━━━━━ Data to process ━━━━━
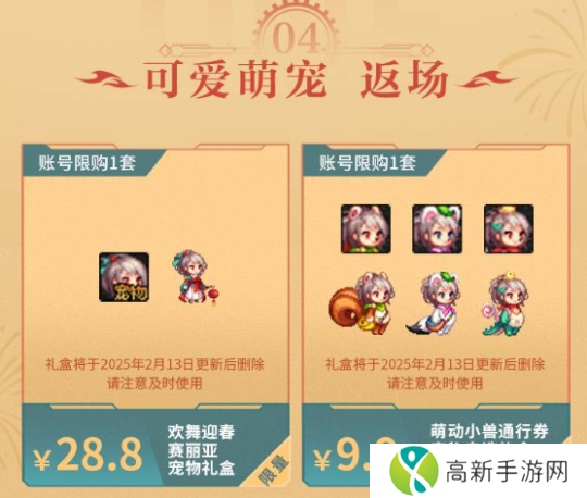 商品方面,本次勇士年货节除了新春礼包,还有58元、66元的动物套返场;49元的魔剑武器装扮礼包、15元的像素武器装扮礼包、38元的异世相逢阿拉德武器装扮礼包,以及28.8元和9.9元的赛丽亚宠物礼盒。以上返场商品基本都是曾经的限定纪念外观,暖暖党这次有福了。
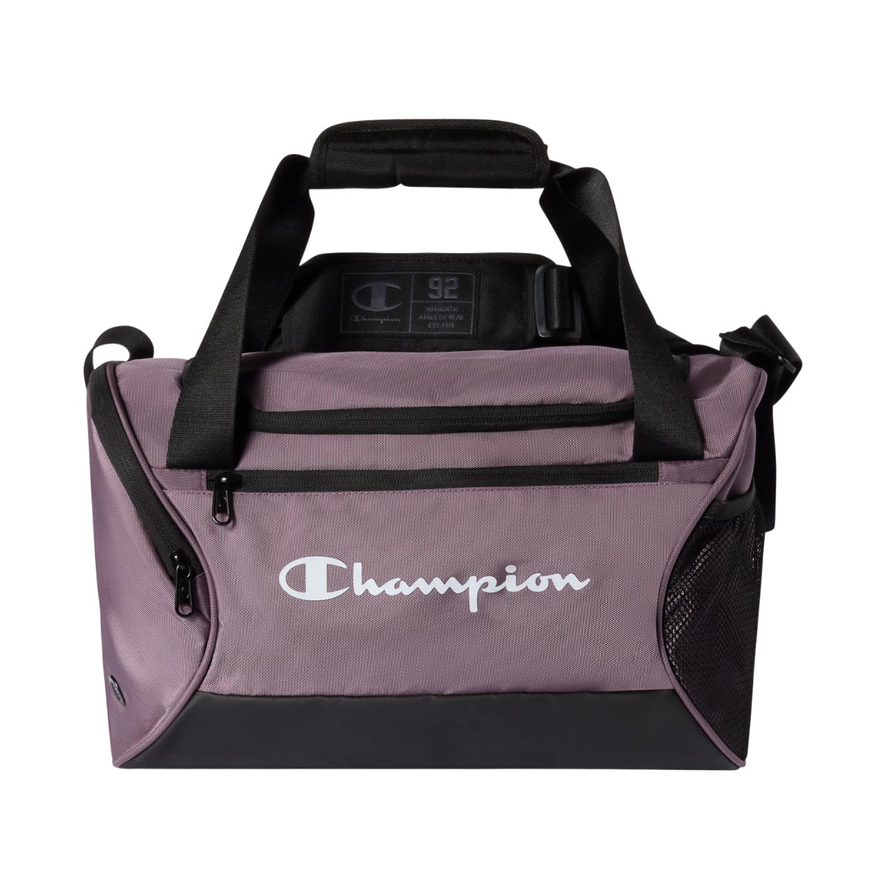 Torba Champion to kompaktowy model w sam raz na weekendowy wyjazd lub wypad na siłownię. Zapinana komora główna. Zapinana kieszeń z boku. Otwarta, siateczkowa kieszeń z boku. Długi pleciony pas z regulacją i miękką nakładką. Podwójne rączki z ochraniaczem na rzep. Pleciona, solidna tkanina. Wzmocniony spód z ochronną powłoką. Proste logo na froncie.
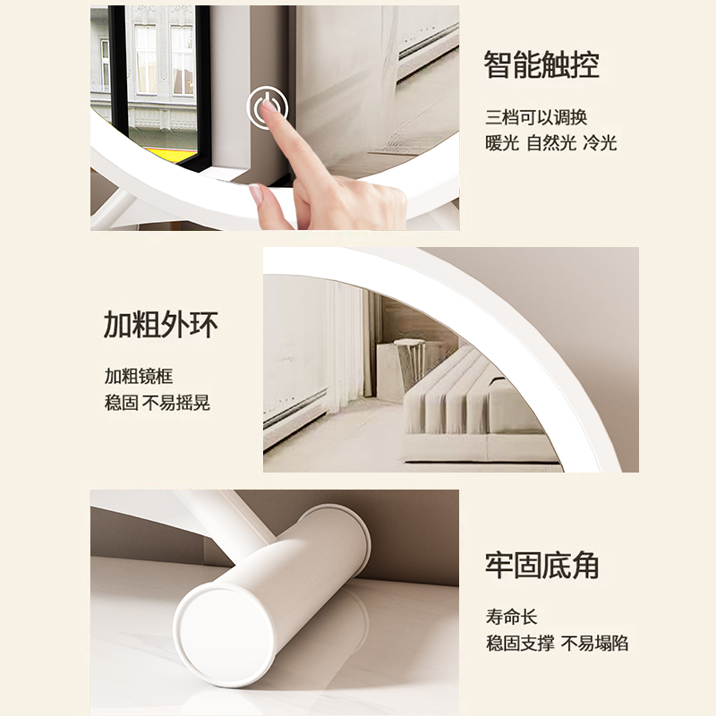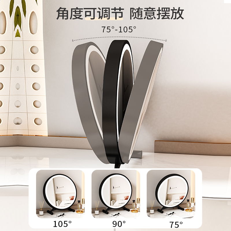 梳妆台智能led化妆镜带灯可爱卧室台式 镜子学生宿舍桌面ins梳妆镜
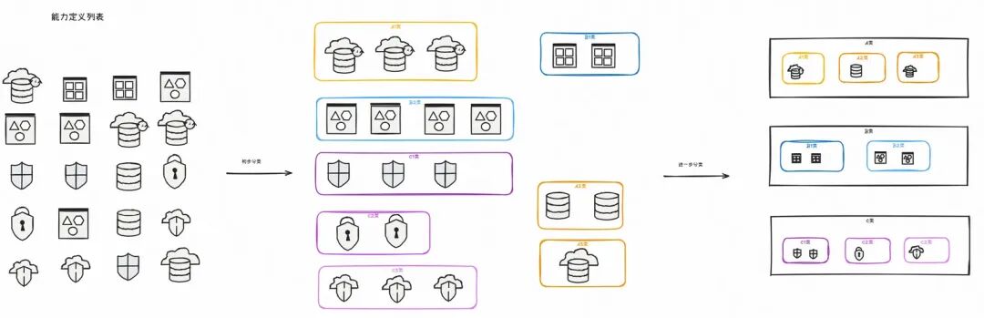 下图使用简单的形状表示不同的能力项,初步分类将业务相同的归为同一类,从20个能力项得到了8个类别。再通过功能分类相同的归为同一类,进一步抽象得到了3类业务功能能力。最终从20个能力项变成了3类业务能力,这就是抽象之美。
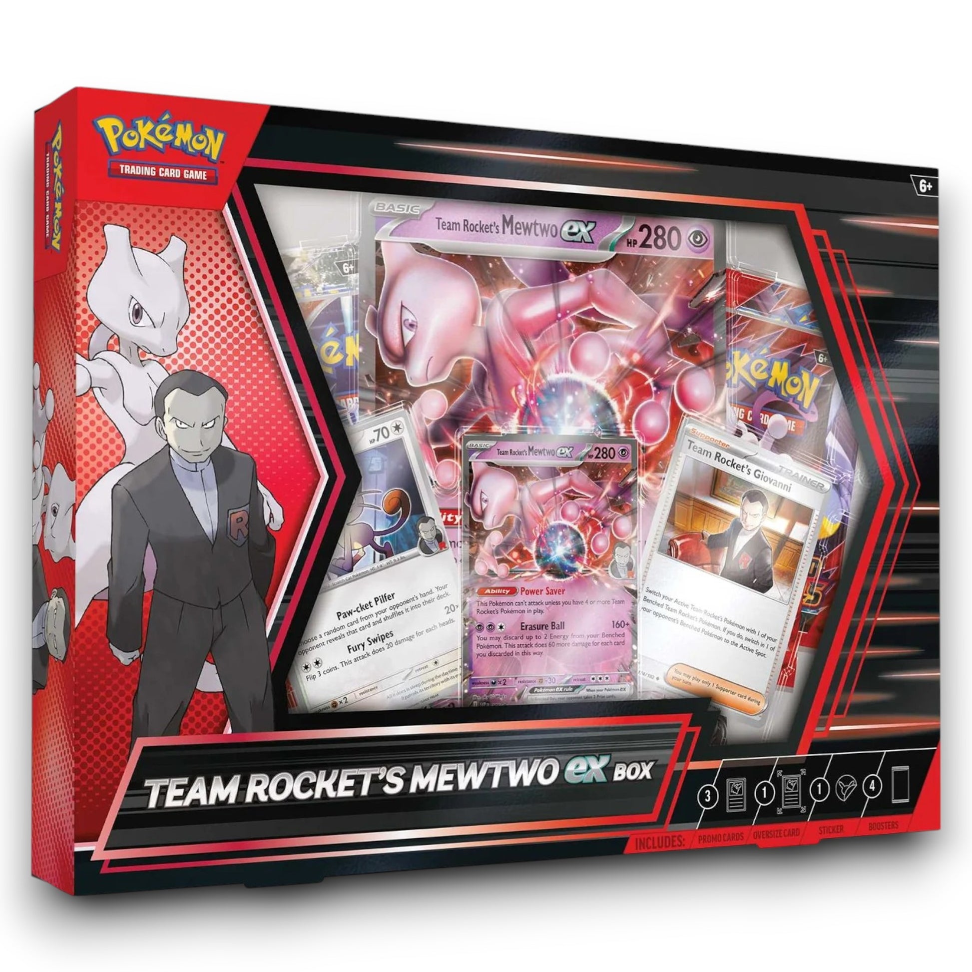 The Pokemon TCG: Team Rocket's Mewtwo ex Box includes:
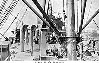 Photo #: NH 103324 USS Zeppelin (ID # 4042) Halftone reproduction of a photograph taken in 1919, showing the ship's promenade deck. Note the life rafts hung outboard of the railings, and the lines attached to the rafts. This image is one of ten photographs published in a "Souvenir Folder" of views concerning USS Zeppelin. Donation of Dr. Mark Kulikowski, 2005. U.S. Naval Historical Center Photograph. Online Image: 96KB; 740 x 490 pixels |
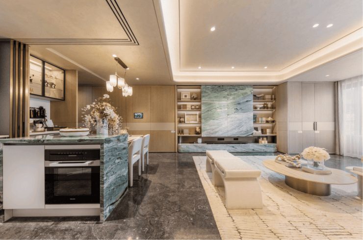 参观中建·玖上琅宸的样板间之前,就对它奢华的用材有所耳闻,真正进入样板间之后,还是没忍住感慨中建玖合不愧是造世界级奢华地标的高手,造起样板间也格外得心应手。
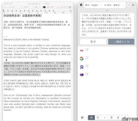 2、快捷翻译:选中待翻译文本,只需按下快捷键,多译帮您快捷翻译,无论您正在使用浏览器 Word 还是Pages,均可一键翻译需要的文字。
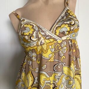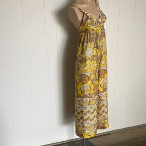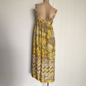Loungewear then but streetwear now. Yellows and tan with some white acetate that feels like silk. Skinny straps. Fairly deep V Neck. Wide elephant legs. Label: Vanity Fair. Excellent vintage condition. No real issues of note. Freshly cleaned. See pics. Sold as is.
━━━━━
━━━━━ Data to process ━━━━━
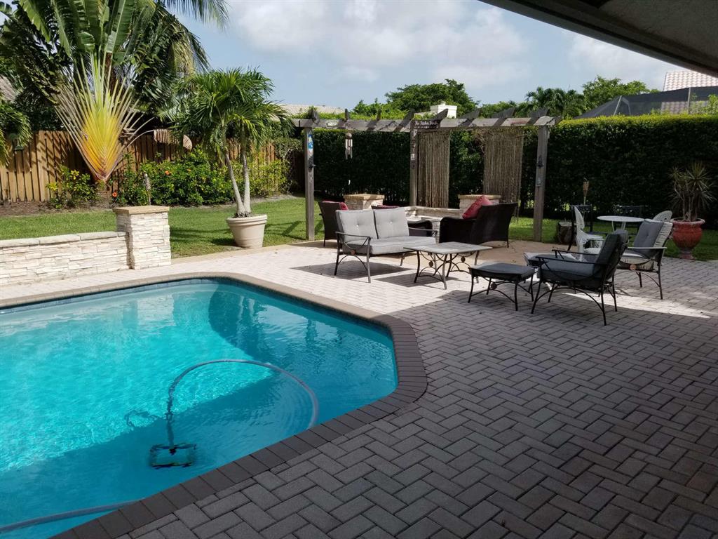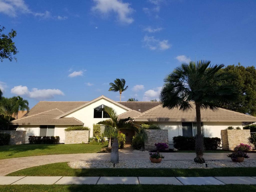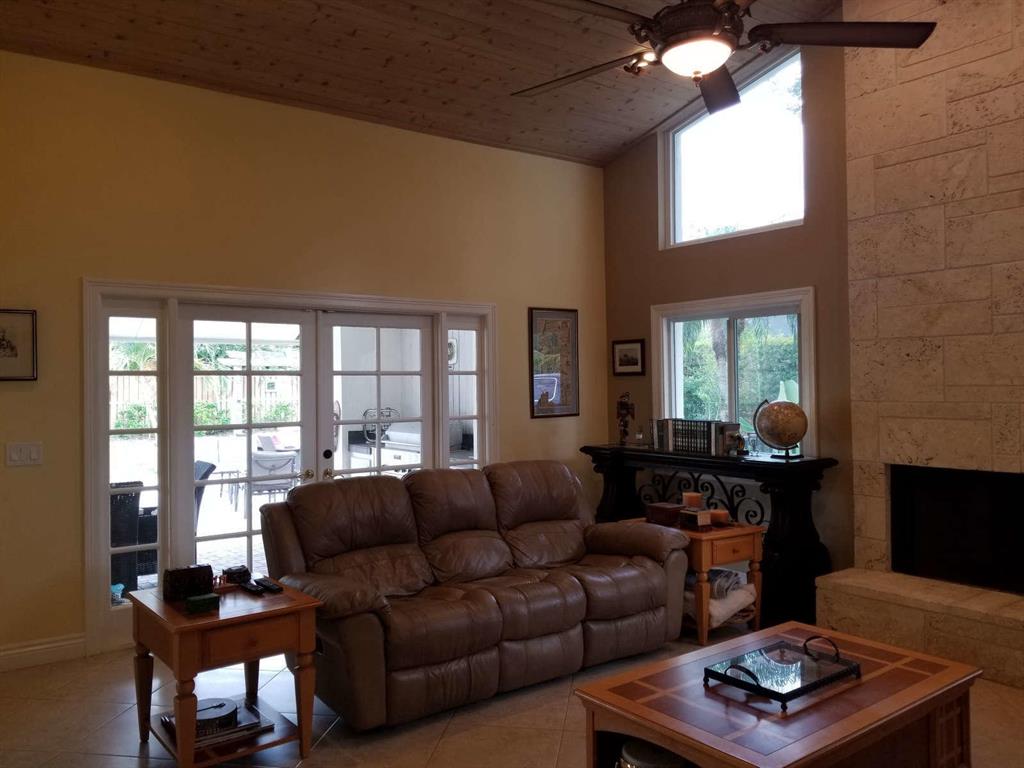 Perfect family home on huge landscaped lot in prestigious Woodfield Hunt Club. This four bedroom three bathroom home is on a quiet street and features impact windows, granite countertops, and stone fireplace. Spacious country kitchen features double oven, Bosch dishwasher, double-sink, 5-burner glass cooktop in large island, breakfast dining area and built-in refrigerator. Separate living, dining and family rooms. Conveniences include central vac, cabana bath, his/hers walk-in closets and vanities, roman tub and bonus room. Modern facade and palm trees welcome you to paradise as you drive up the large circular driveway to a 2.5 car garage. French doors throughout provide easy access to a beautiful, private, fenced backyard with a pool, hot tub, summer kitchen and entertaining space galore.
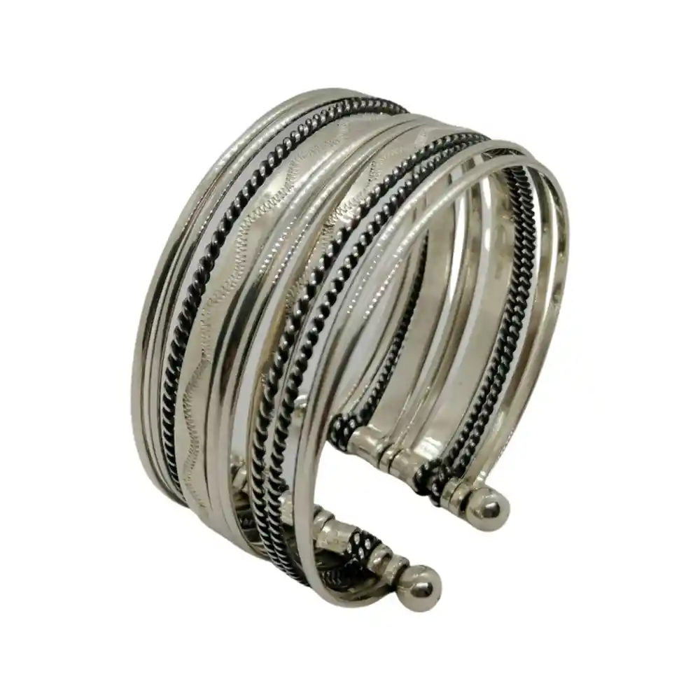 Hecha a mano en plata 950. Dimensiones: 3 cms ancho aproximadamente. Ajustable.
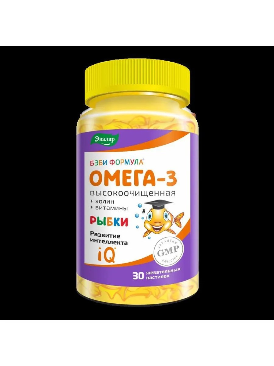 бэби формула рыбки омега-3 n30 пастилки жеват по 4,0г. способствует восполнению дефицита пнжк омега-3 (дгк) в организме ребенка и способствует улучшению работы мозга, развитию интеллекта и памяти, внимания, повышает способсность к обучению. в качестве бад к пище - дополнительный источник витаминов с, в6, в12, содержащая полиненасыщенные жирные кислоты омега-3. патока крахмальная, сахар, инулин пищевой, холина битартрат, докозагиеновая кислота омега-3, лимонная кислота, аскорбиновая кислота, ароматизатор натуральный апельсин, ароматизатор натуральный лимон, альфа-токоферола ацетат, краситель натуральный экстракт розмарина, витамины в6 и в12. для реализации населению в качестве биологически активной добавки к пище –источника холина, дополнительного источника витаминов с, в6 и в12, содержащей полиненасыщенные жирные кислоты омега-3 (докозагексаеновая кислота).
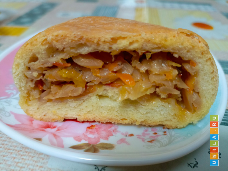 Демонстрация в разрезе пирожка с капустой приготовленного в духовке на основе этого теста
━━━━━
━━━━━ Data to process ━━━━━
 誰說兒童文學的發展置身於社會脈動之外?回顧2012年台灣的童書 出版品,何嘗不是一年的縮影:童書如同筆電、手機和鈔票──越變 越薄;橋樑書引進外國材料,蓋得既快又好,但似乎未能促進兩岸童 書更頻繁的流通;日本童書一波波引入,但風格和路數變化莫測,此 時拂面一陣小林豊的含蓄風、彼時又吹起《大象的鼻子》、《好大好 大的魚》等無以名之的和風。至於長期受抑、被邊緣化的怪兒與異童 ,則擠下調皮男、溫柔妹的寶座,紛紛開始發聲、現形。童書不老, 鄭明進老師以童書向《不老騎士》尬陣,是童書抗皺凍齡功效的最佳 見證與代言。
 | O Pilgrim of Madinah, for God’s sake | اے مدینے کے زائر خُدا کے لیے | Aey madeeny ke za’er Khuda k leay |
━━━━━
## Work task
Reproduce the data above exactly, but only the lines from the one showing "商品方面,本次勇士年货节除了" through the one showing "Photo #: NH", with both ends kept and the pictures left out.

## Exercise solution
 商品方面,本次勇士年货节除了新春礼包,还有58元、66元的动物套返场;49元的魔剑武器装扮礼包、15元的像素武器装扮礼包、38元的异世相逢阿拉德武器装扮礼包,以及28.8元和9.9元的赛丽亚宠物礼盒。以上返场商品基本都是曾经的限定纪念外观,暖暖党这次有福了。
 Torba Champion to kompaktowy model w sam raz na weekendowy wyjazd lub wypad na siłownię. Zapinana komora główna. Zapinana kieszeń z boku. Otwarta, siateczkowa kieszeń z boku. Długi pleciony pas z regulacją i miękką nakładką. Podwójne rączki z ochraniaczem na rzep. Pleciona, solidna tkanina. Wzmocniony spód z ochronną powłoką. Proste logo na froncie.
 梳妆台智能led化妆镜带灯可爱卧室台式 镜子学生宿舍桌面ins梳妆镜
 下图使用简单的形状表示不同的能力项,初步分类将业务相同的归为同一类,从20个能力项得到了8个类别。再通过功能分类相同的归为同一类,进一步抽象得到了3类业务功能能力。最终从20个能力项变成了3类业务能力,这就是抽象之美。
 The Pokemon TCG: Team Rocket's Mewtwo ex Box includes:
 Photo #: NH 103324 USS Zeppelin (ID # 4042) Halftone reproduction of a photograph taken in 1919, showing the ship's promenade deck. Note the life rafts hung outboard of the railings, and the lines attached to the rafts. This image is one of ten photographs published in a "Souvenir Folder" of views concerning USS Zeppelin. Donation of Dr. Mark Kulikowski, 2005. U.S. Naval Historical Center Photograph. Online Image: 96KB; 740 x 490 pixels |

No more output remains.